If Japan builds mass submarines, okay, US charges in, Japan kicks it in the face even harder, then . . . the extra submarines do what? Nothing. And those extra submarines came at a cost. Less ground in Asia.
And what happens when you have less Japanese ground in Asia? Early on, USSR should be moving its units towards Europe, and UK should be preparing to defend India. But if Japan’s going nuts on submarines, USSR and UK don’t have to stay where they are (and really, they’d have to be rather silly to do that). Instead, USSR can think about greedily snatching Asian coast income which is normally out of the question, but if it can be secured is really nasty as it fuels USSR’s production in Europe and is a thorn Japan needs to deal with. Meanwhile UK can press in southeast Asia for income. And any Allied ground units that aren’t needed (and with Allied air, the Allies won’t necessarily need to commit a load of ground units) - anyways, any ground units not really needed to press Asia can push Europe.
- Japan NOT going heavy ground
Japan shouldn’t go heavy ground either (at least, in terms of building NO navy/air), and why? If US drops a Pacific fleet, Japan wants enough to be able to punish any early US push, and how is it going to do that exactly? Odds are decent that Japan will have one destroyer, one cruiser, and one submarine; Japan must have destroyers against US submarines, which leaves only one cruiser and one submarine as fodder against any naval engagement, after which Japan has to lose expensive air or carriers/battleships. And that is just not good. So Japan builds some submarines. US pushes in, interdicts Japan’s sea zones, then Japan can switch to fighters and/or bombers while Japan captures India (which then acts as a reserve place for Japan to build up its navy if Japan even wants to which it may not).

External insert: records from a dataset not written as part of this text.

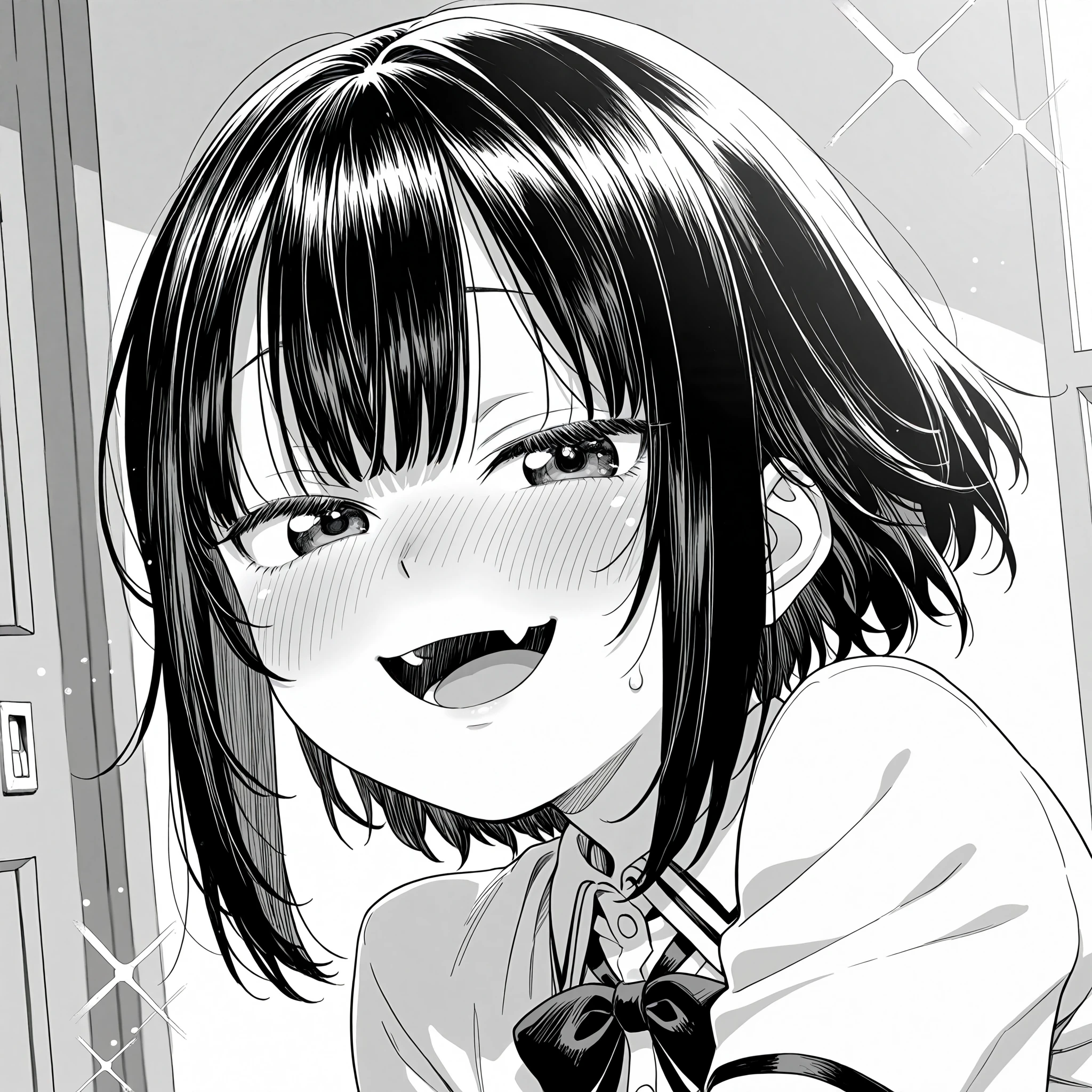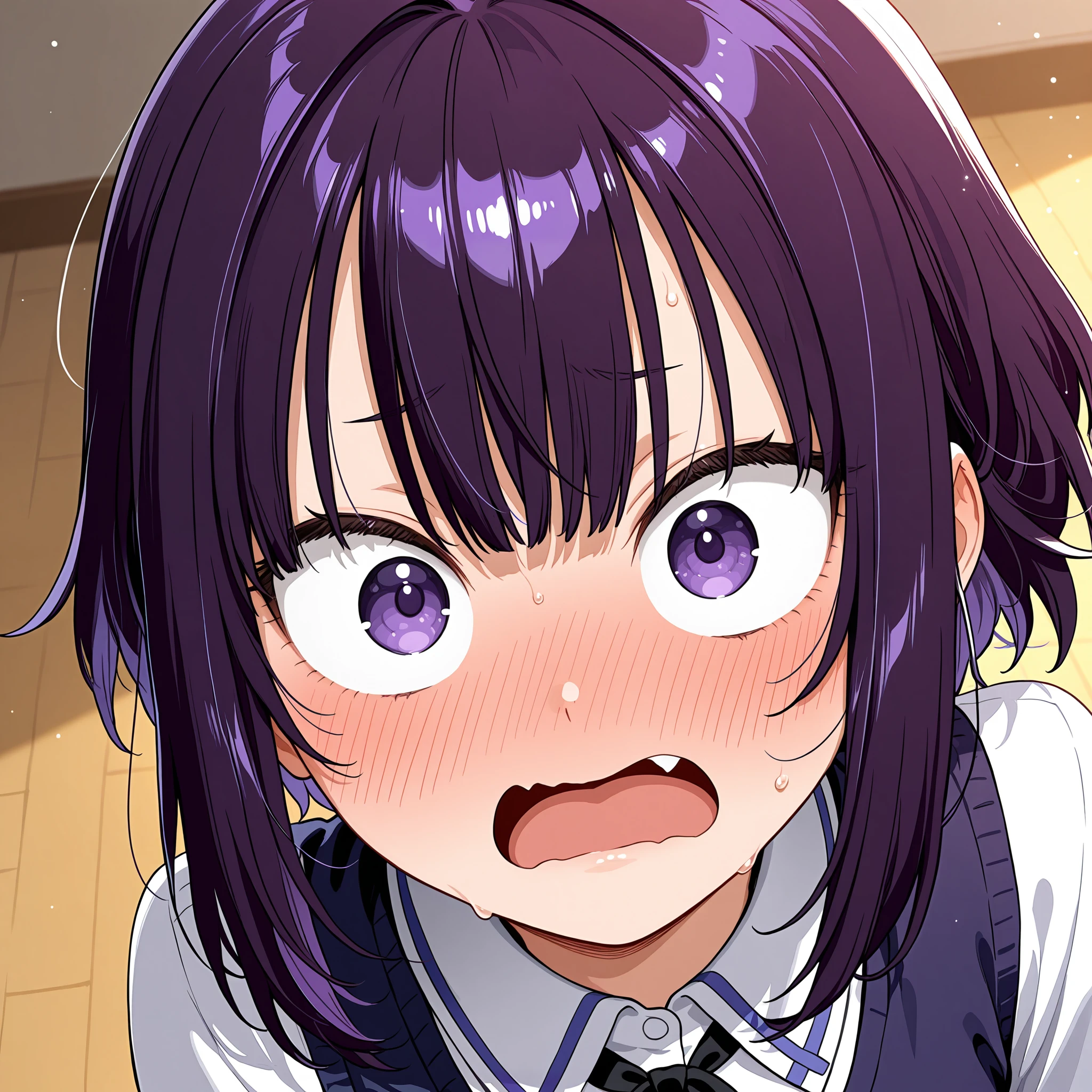 Useful keywords: fuwa, short hair, black_hair, bright purple eyes, petite, big eyes, fang
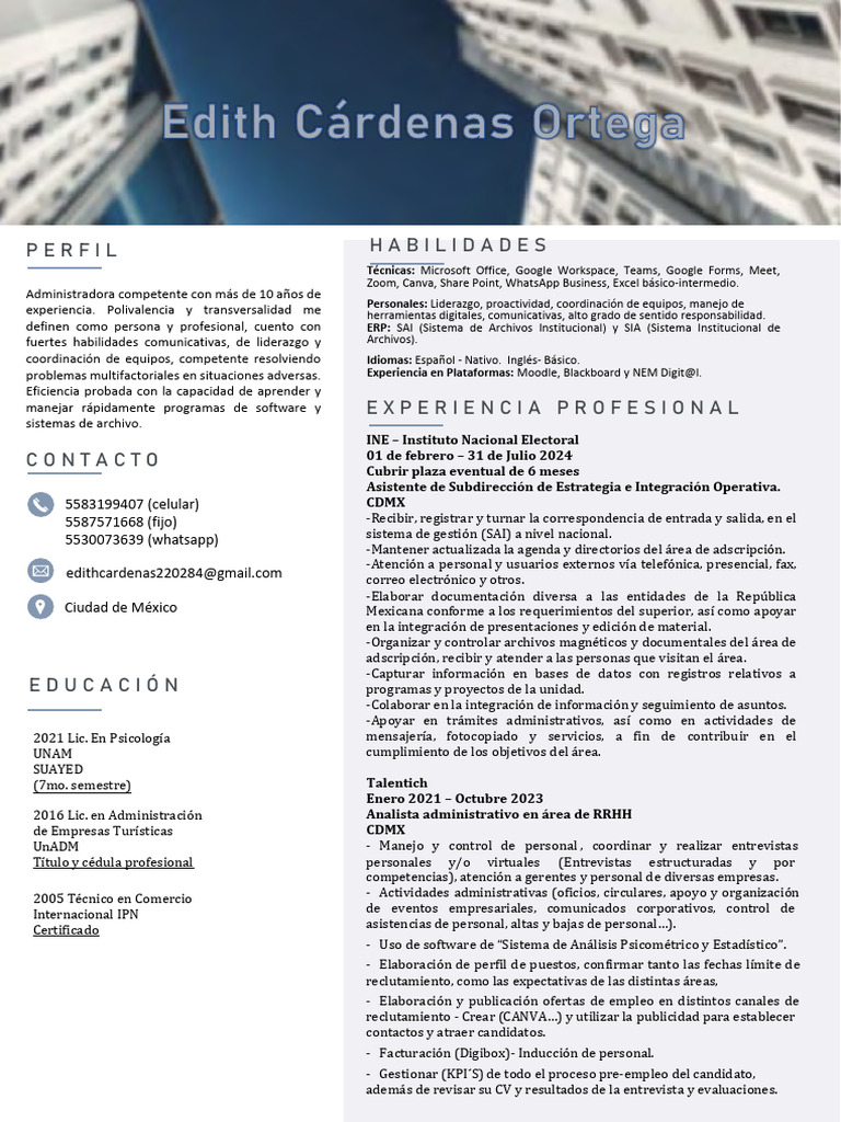 coordinación de equipos, competente resolviendo Idiomas: Español - Nativo. Inglés- Básico.
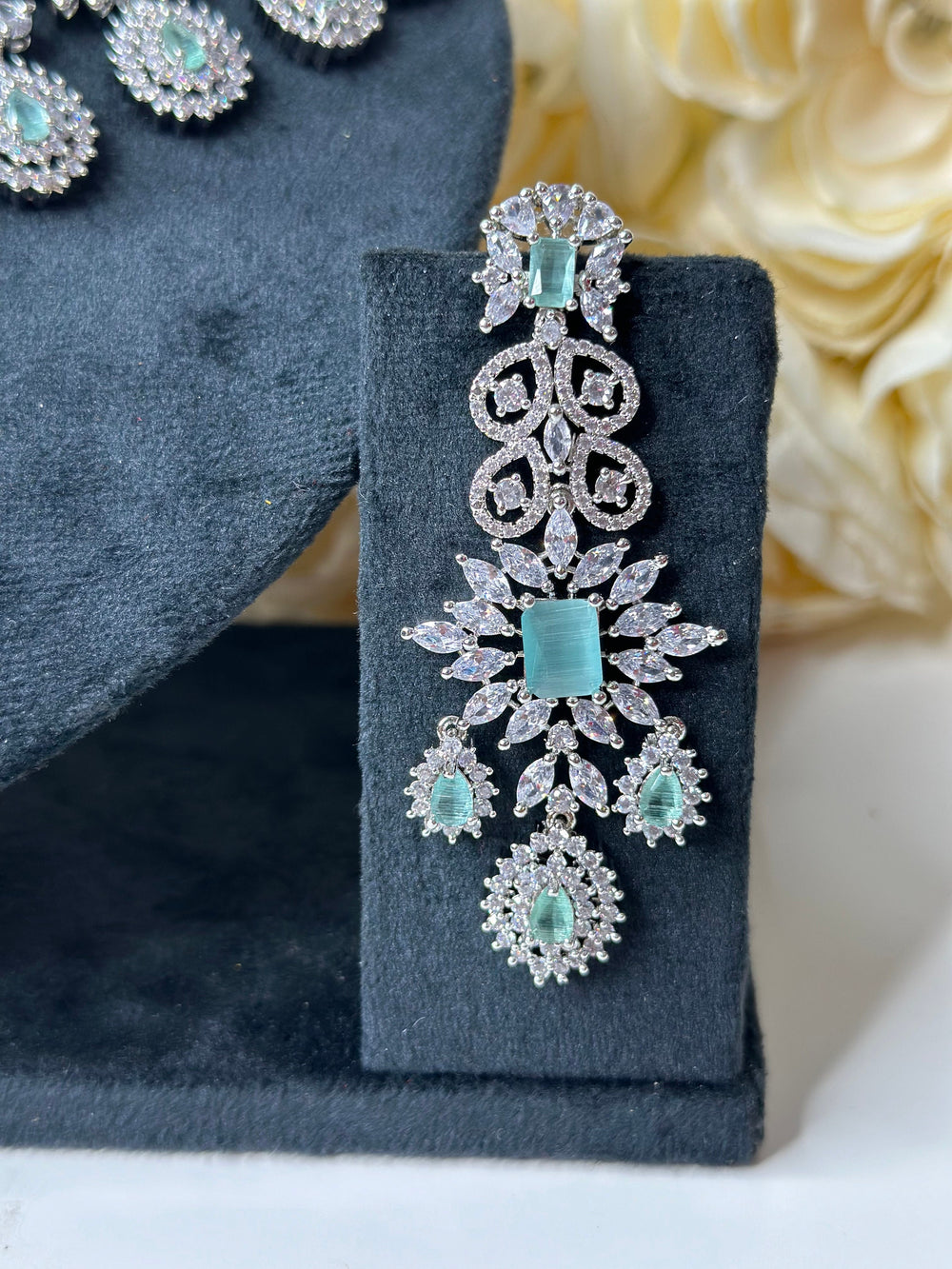 The Nova CZ Mint Necklace Set features soft mint-colored stones with a silver finish for a fresh and elegant look. It comes with matching earrings, perfect for weddings, parties, and festive occasions.
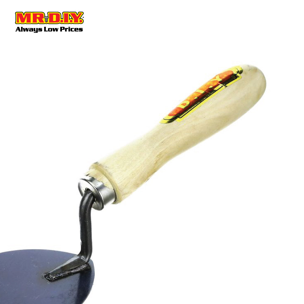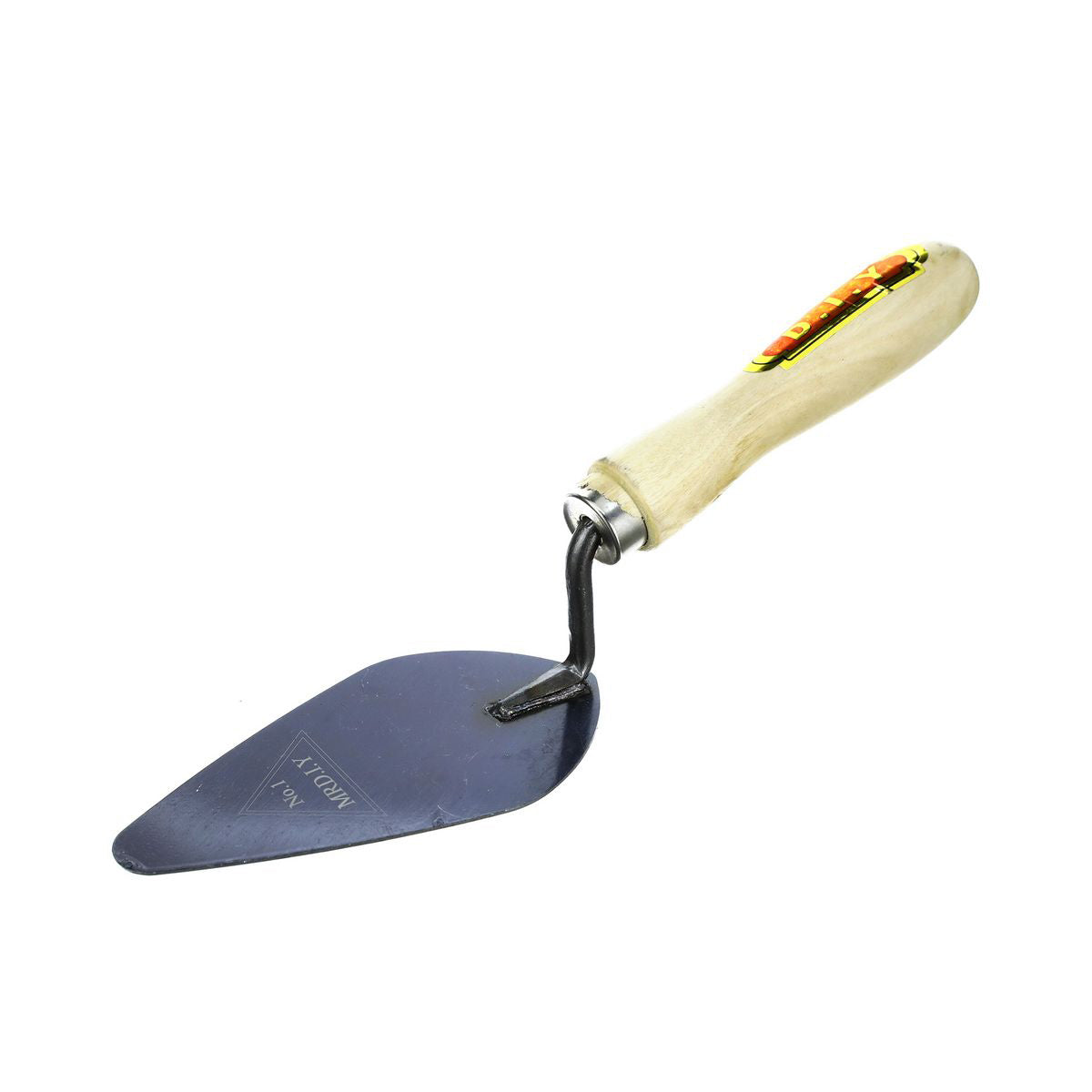 Rounded heel shapes the blade so that the mortar is carried a little further forward on the blade.
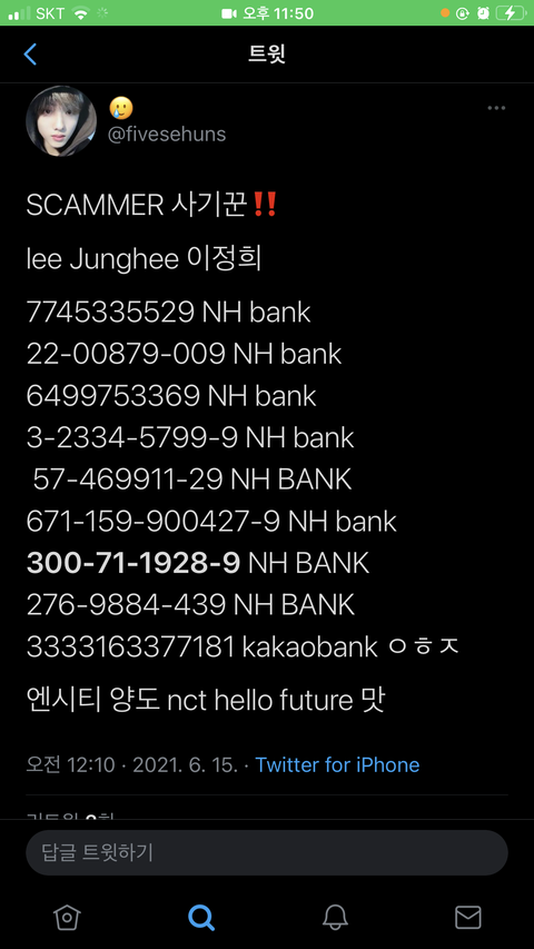 입금은 저번주 수요일에 했고 일괄 월욜에 배송한다길래 기다렸는데 아무 연락이 없는거임 그래서 어제 디엠했는데 사정이 있어서 화욜에 보내겠다는거임 근데 지금도 연락없길래 계좌 서치했는데 어떡함 ㅜㅜㅜ 어떡해야해 ㅠㅠㅠ
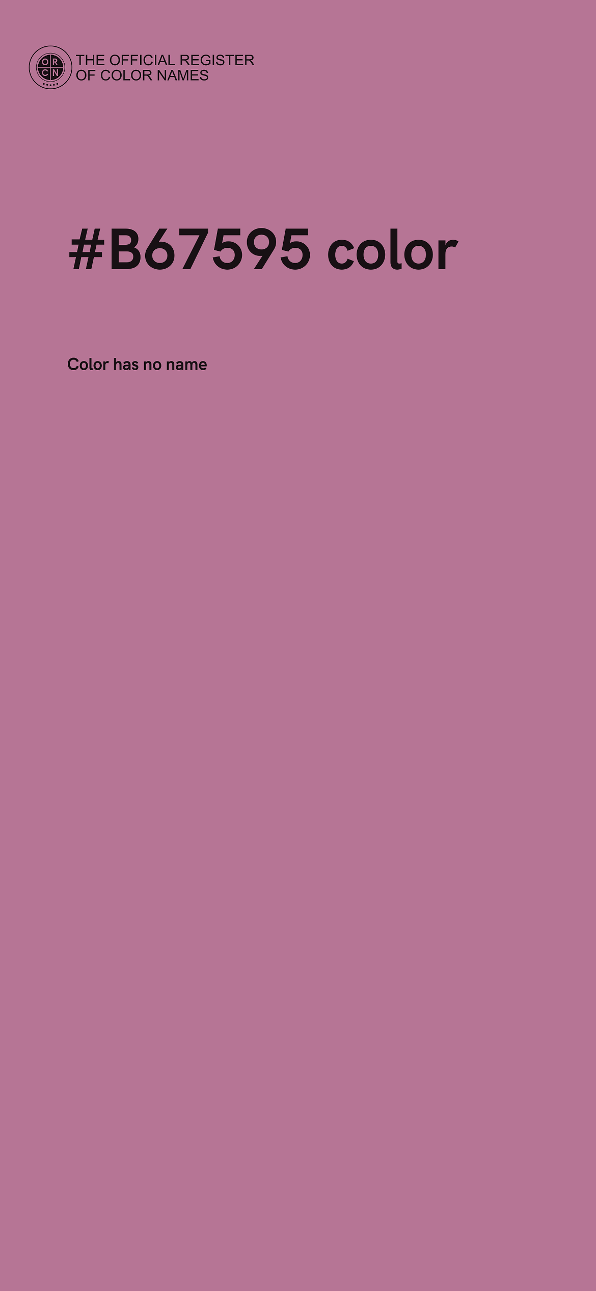 The digital color HEX #B67595 belongs to the Rose Color Family featuring Mild Saturation (Saturation Family) and Light (Brightness Family).
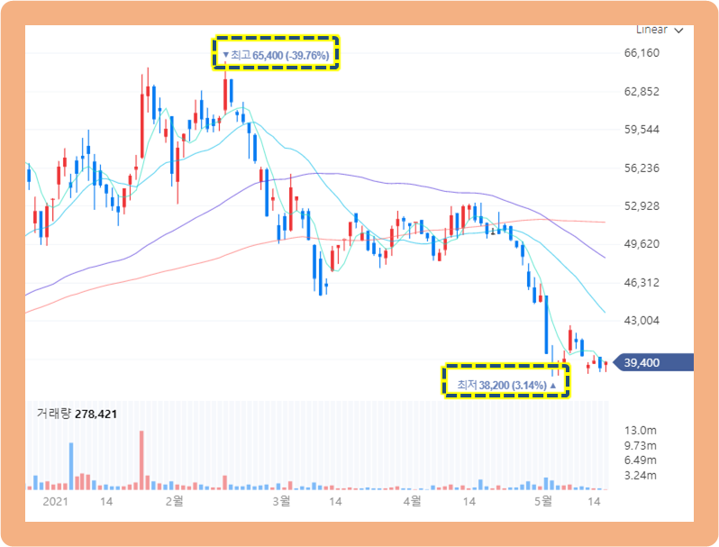 이후 조정을 받으면서 주가는 하락세로 전환되었습니다. 그리고 하락이 지속되면서 2021년 5월 4일에는 최저점 38,200원까지 떨어졌구요.
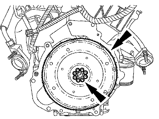 1. Remove the 8 bolts and the flexplate or flywheel.
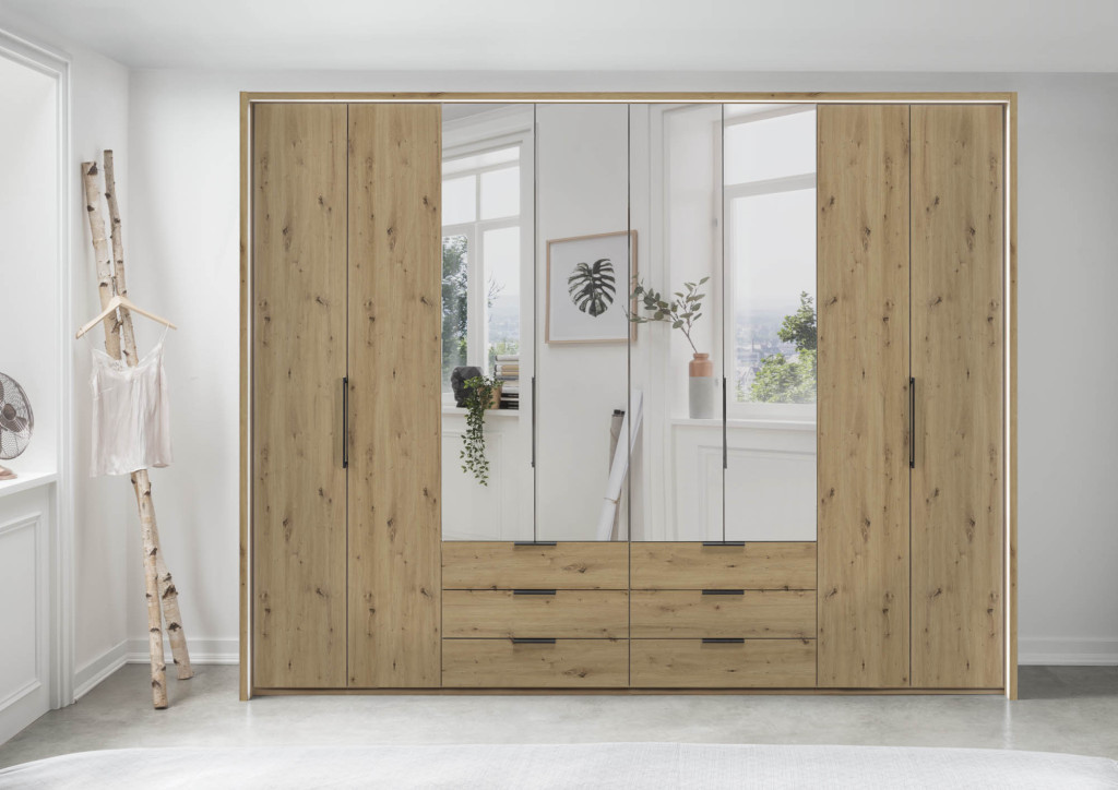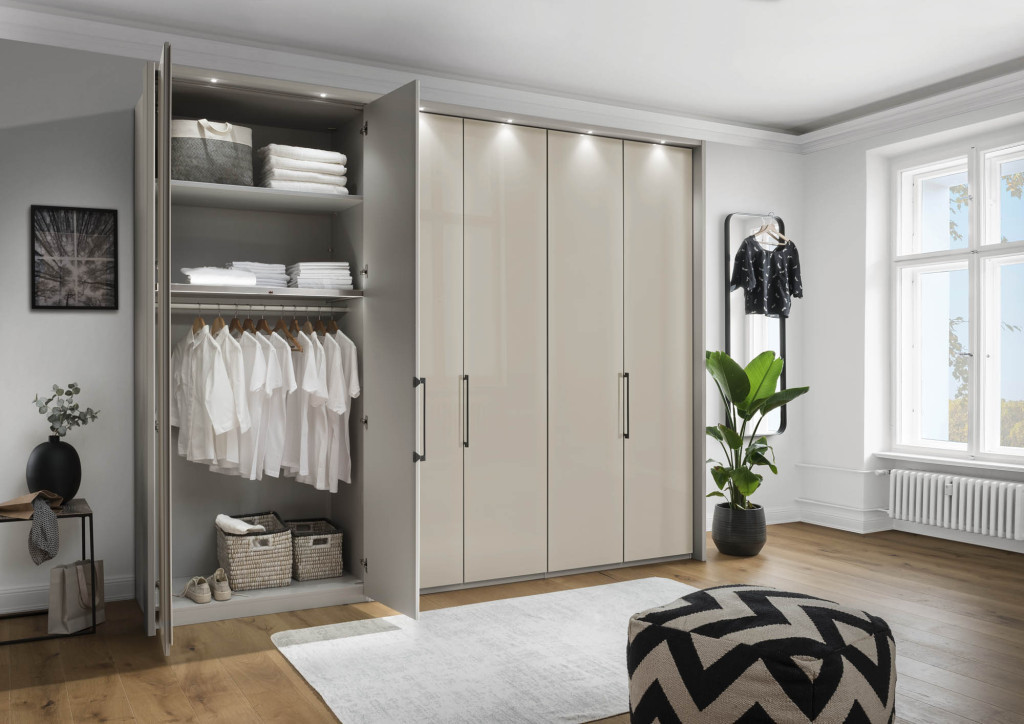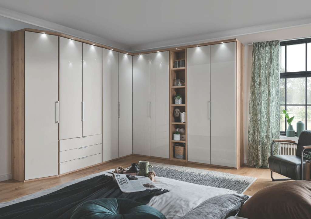 Das funktionale Schranksystem der Serie MONACO punktet mit frei zusammenstellbaren Korpus- und Frontausführungen. Entscheiden Sie sich für ein facettenreiches Dekor in Weiß, Champagner, Graphit, Kieselgrau oder Bianco-Eiche-Nachbildung, kombiniert mit Griffen in Chrom, Silber und Schiefer oder wählen Sie die Ausführung einer farbigen Glasfront, inklusive Kristallspiegel und einem harmonierenden Innenfarbton. Ob Drehtürenschränke, Falttürenschränke, voll ausgebaute Eckschränke mit zusätzlicher Kranzleiste, Abschlussschränke mit Drehtür oder passende Regalelemente - der Einrichtungsvielfalt sind mit der Möbelserie MONACO keine Grenzen gesetzt. Je nach Modell mit wechselseitig wählbaren Türanschlägen, mehrteiligen Auszügen und exklusivem Schrankzubehör versehen, weisen die Schrankelemente mit zwei Einlegeböden und einer Kleiderstange je Fach eine clevere Inneneinteilung auf.

But what happens if Japan JUST tries to push nothing but ground, in spite of US1 dropping a Pacific fleet? US moves into position and Japan can’t push US off. Even if Japan tries to do a late naval/air build, it still has to move into position to hit any US push to Borneo and/or East Indies, and if US goes the Alaska route instead a late build means US can hit Japan before Japan can hit US. And when Japan’s forced on the defensive a lot, then Japan can’t drop to Yunnan and basically it gets messy.
So if Japan goes pure navy, Allies throttle Japan on the ground; if Japan goes pure ground, Allies push Japan out of position early in the sea which disrupts Japan’s ground logistics from Tokyo to Asia.
Generally, there’s the stuff Axis should do, and if they don’t do it, that usually doesn’t mean you can get a decisive advantage. Only if your opponent sucks and withdraws for no reason and/or fights losing stack battles do you get these big “punishment” plays. Otherwise it’s just you look at your opponent’s play, if there’s a wee gap, you shove in a little wedge and start patiently hammering away, then eventually your advantages pile up and you win.
But if your opponent is sharp, then sometimes spots that looked like a good spot to stick a wedge in turn out to be traps.